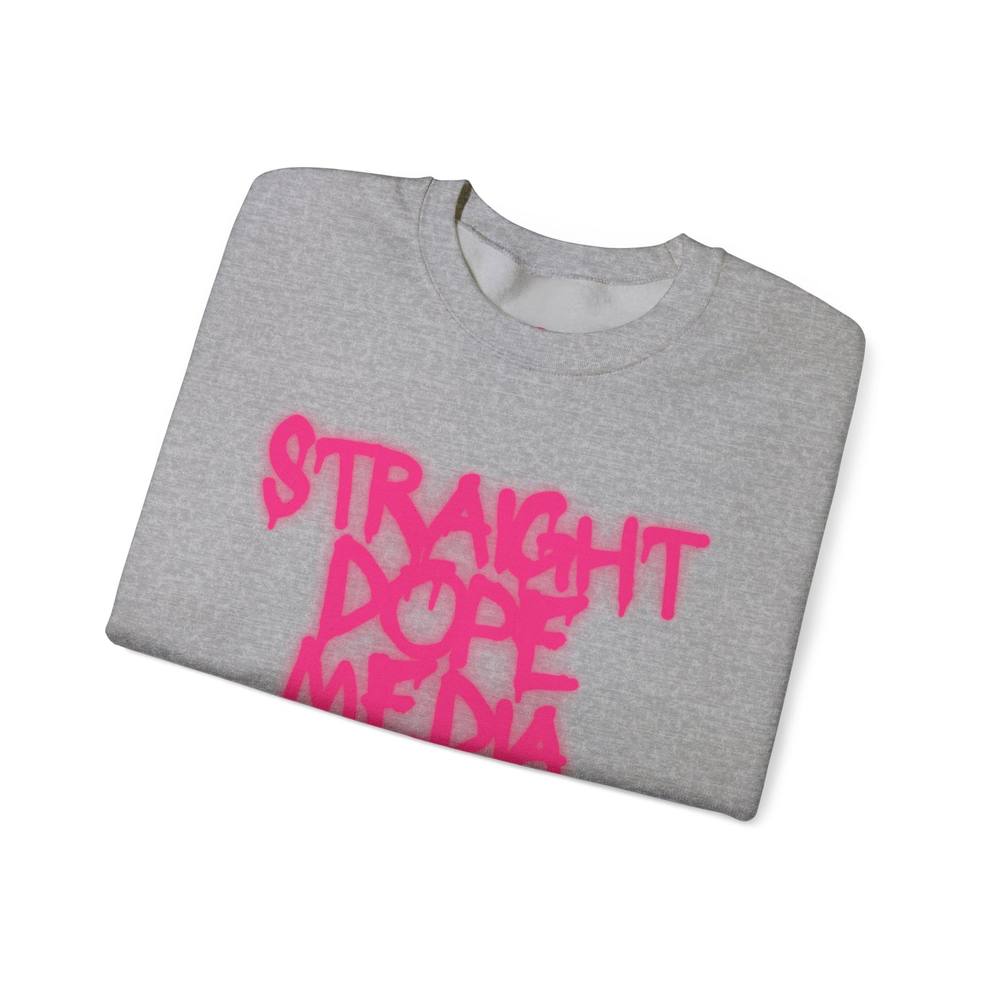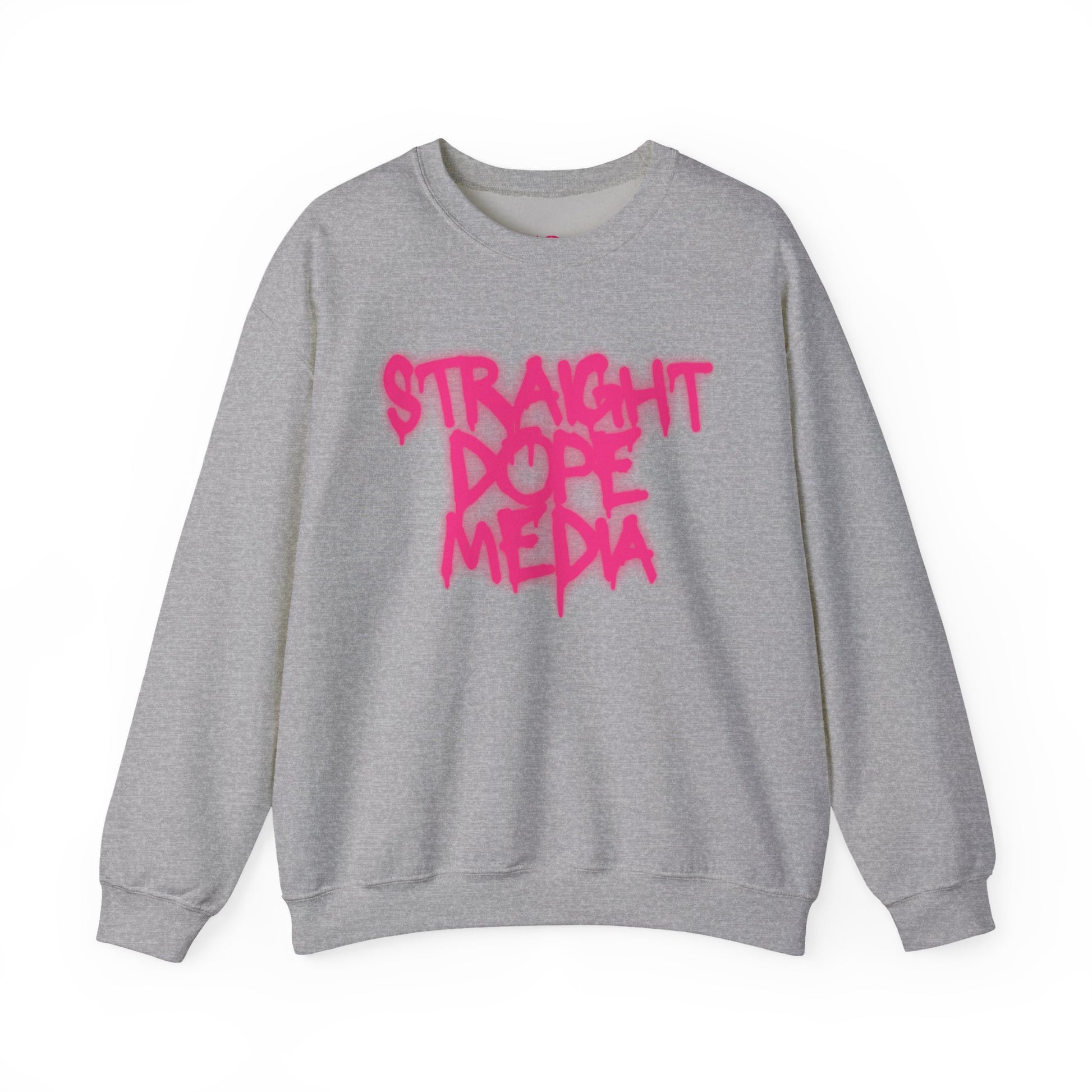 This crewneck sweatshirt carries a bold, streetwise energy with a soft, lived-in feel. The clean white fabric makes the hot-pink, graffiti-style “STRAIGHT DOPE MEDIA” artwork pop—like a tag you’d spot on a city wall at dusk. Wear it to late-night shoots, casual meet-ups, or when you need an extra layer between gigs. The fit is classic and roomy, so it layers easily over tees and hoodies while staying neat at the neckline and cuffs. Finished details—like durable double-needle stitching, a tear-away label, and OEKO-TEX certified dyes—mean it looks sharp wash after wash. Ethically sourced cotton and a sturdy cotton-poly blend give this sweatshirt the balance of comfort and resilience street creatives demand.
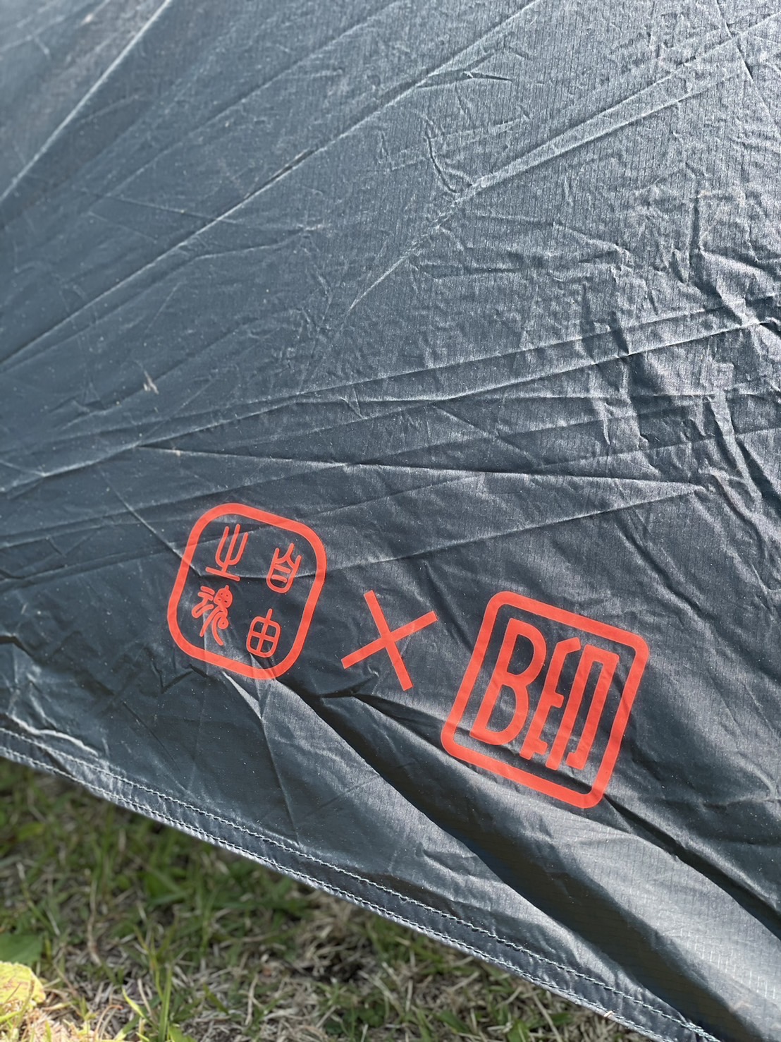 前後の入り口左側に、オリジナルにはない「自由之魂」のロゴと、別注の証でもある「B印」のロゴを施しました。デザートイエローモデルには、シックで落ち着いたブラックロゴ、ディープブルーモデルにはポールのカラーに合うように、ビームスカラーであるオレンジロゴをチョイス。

★ ★ ★

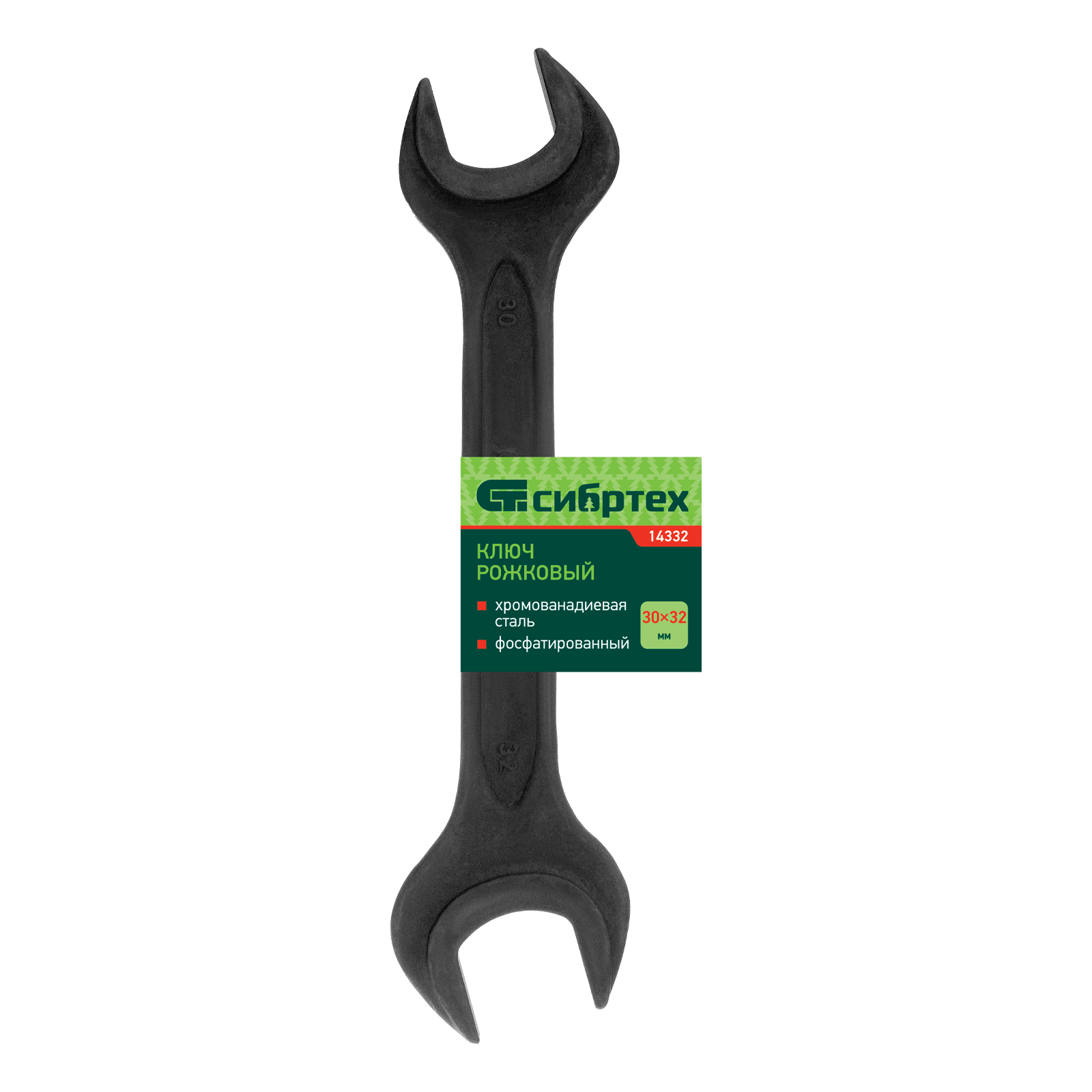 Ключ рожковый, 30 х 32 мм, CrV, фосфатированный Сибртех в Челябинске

★ ★ ★

EXERCISE:
From the material above, give again exactly the lines from the one that contains "This crewneck sweatshirt" through the one that contains "前後の入り口左側に、オリジナ", and leave out the pictures.

ANSWER SECTION:
 This crewneck sweatshirt carries a bold, streetwise energy with a soft, lived-in feel. The clean white fabric makes the hot-pink, graffiti-style “STRAIGHT DOPE MEDIA” artwork pop—like a tag you’d spot on a city wall at dusk. Wear it to late-night shoots, casual meet-ups, or when you need an extra layer between gigs. The fit is classic and roomy, so it layers easily over tees and hoodies while staying neat at the neckline and cuffs. Finished details—like durable double-needle stitching, a tear-away label, and OEKO-TEX certified dyes—mean it looks sharp wash after wash. Ethically sourced cotton and a sturdy cotton-poly blend give this sweatshirt the balance of comfort and resilience street creatives demand.
 前後の入り口左側に、オリジナルにはない「自由之魂」のロゴと、別注の証でもある「B印」のロゴを施しました。デザートイエローモデルには、シックで落ち着いたブラックロゴ、ディープブルーモデルにはポールのカラーに合うように、ビームスカラーであるオレンジロゴをチョイス。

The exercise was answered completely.